Cuando cae la noche sobre el llamado Anillo de Óperas de Graz, los reunidos alrededor de Strauss son conscientes de que la cita de Salomé ha congregado a los mejores músicos del siglo XX y que “la obra de arte total”, de la que habla Wagner, se ha hecho realidad. “La ópera no es una reliquia del pasado; es un mundo vivo en el que se reflejan los cambios culturales y sociales”, dice Marco, músico y escritor. 

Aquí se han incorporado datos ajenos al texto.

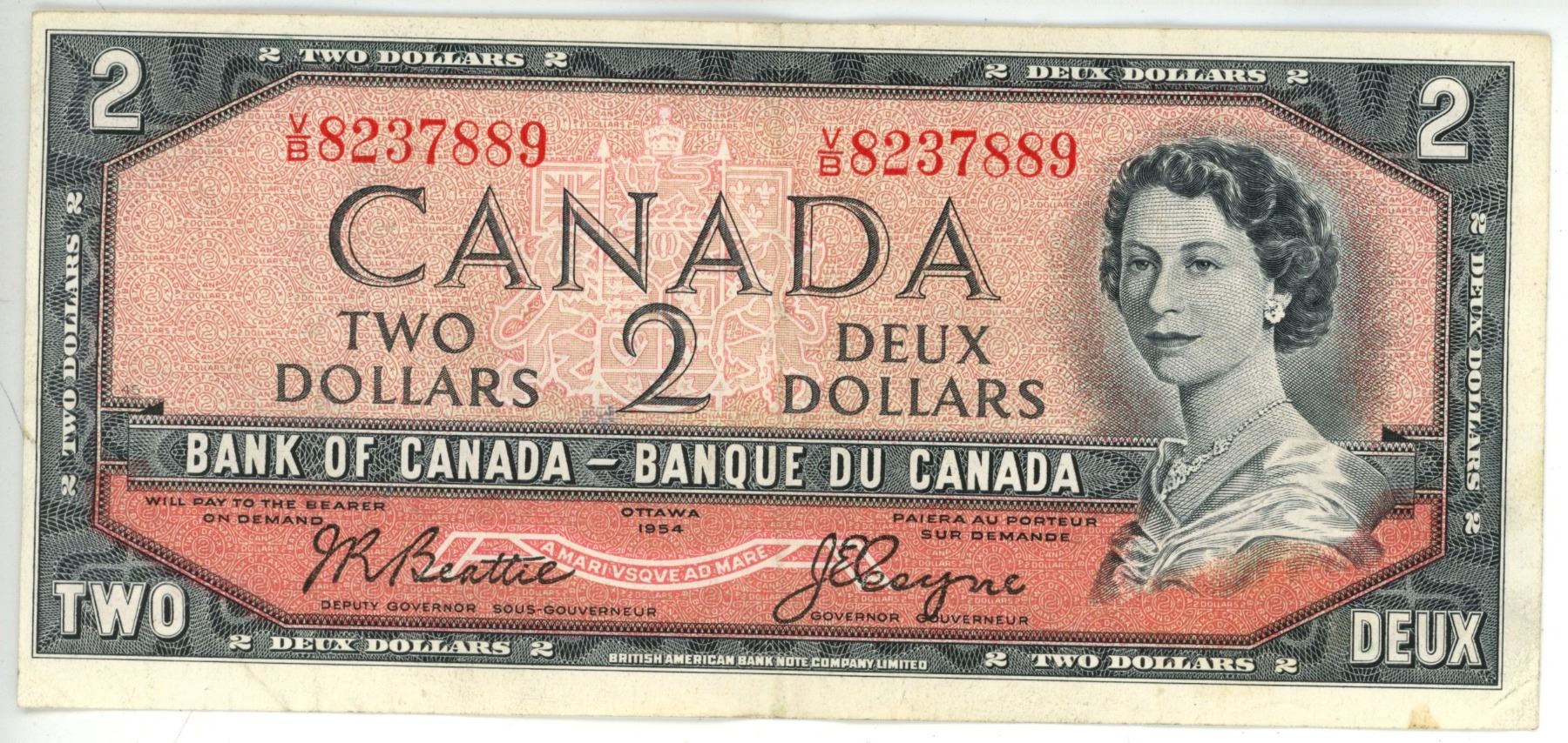 Near Uncirculated 1954 Canada $2 Bill - V/B8237889 Beattie/Coyne

'Historia de la ópera, de la tradición a más allá de la posmodernidad'

'Historia de la ópera, de la tradición a más allá de la posmodernidad' GALAXIA GUTENBERG

Puccini, el paseante de Torre de Lago, es el compositor cuyas obras reflejan los sobresaltos de su tiempo; es el músico de poder dramático y mórbido lirismo, reflejado en obras como El Tríptico o La Fanciulla del West. Sin proponérselo, narra la ópera a la manera singular de lo que pronto serán las novelas de Joyce; juega con los tiempos narrativos propio de autores de relatos, como Fitzgerald o Beckett. Compone una suerte de expresionismo verista, y, sin embargo, sus temas son antiguos, tradicionales respecto al juego amoroso, erótico y criminal de algunos de sus protagonistas. Digamos que no se mueve de la tradición operística, para imponer con su música una suerte de posmodernidad a juego con los guiones de su libretista, Giuseppe Giacosa.

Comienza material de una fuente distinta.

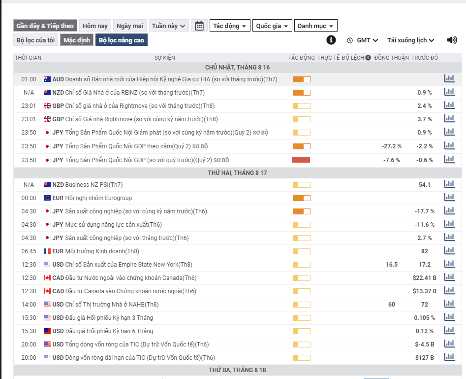 Là một nhà giao dịch trong ngày hay giao dịch lướt sóng, các sự kiện được đánh dấu màu đỏ là những sự kiện bạn cần lưu ý. Biến động xung quanh sự kiện là điển hình và được mong đợi, bất kể dữ liệu được đưa ra bên trên, bên dưới hay phù hợp với kỳ vọng của thị trường.
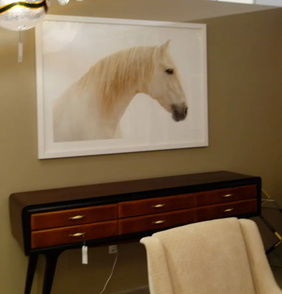 Lisa Houlgrave's portrait features the mighty Andalusian stallion, Novelisto D, who played Colin Farrell's guardian angel, Athansor, In Warner Brother's Movie, "Winter's Tale." Renowned Hollywood horse trainer, Rex Peterson, scoured the country for nearly a year searching for this special horse to play the powerful and magical hero. Athansor is printed by the Masters at Duggal, New York, on archival giclee Fine art paper with a deckled edge mounted on a polar white museum board under plexiglass with a 1.5" white frame. The print size is 54" x 37" and is mounted to a 56" x 39" matte board. The overall framed size is 60" x 43".The print comes with an aluminum wall bracket and support for hanging. Virginia born fashion and portrait photographer, Lisa Houlgrave has been involved in the glitz and glamour of fashion for over 25 years, yet remains a country girl at heart. Her elegant and dynamic images have appeared in many magazines and have graced the walls of the Rock and Roll Hall of Fame in addition to many private collections and galleries. Another one of her beautiful images of Novelisto D was used by the prestigious Musuem of Natural History, Utah, to promote their exhibition of "The Horse." Please contact dealer for additional size options and prices. Edition Number 4/125, signed and numbered on back.

Puccini acaba con los dramas de boulevard, liquida las sinfonías que dominaron la Europa del Sena, el Danubio y el Rin. Renueva el bel canto. Y hoy, transcurrido un siglo de su fallecimiento, se le rinde el mismo culto que alcanzó en los momentos de plenitud. A la hora del recuento, Puccini ha liquidado la tentación afrancesada que festonea Italia tras la muerte de Verdi. De un solo golpe, con Manon Lescaut, su primer éxito arrollador, destierra a Berliot, Bizet, Saint Saênz, Massenet, Hervé o Le Cocqe que llenan cada semana la Scala de Milán. Bajo los bosques mediterráneos del Mar Tirreno, Puccini combate la inferioridad racial italiana exacerbada por los eugenistas que diseñan los años venideros del Duce, partiendo de la herencia germánica de Herder. 

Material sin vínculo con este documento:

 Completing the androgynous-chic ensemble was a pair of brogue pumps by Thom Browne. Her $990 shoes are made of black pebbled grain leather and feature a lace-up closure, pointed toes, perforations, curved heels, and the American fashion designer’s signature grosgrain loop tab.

Hace milagros de futuro pensando en el pasado. Los críticos del simbólico Turandot se preguntan entonces si es mejor complacer el público de la clase media italiana o si el progreso artístico se impone como prioridad. Y todavía están en ello. Guido M.Gati escribe que Puccini es sobresaliente en materia de escenografía lírica, “pero carece de interés para la historia de la música”. Richard Specht llega más lejos: “Puccini ha sido un corruptor, la negación misma del artista”.

En este primer centenario, el paréntesis del llamado problema Puccini sigue abierto: ¿Qué es mejor, admirar su teatro o valorar su música? Una cosa y la otra son inseparables. Combate con las dos armas las tentaciones totalitarias del siglo pasado. Salva a la ópera, cuando la melodía está siendo destronada.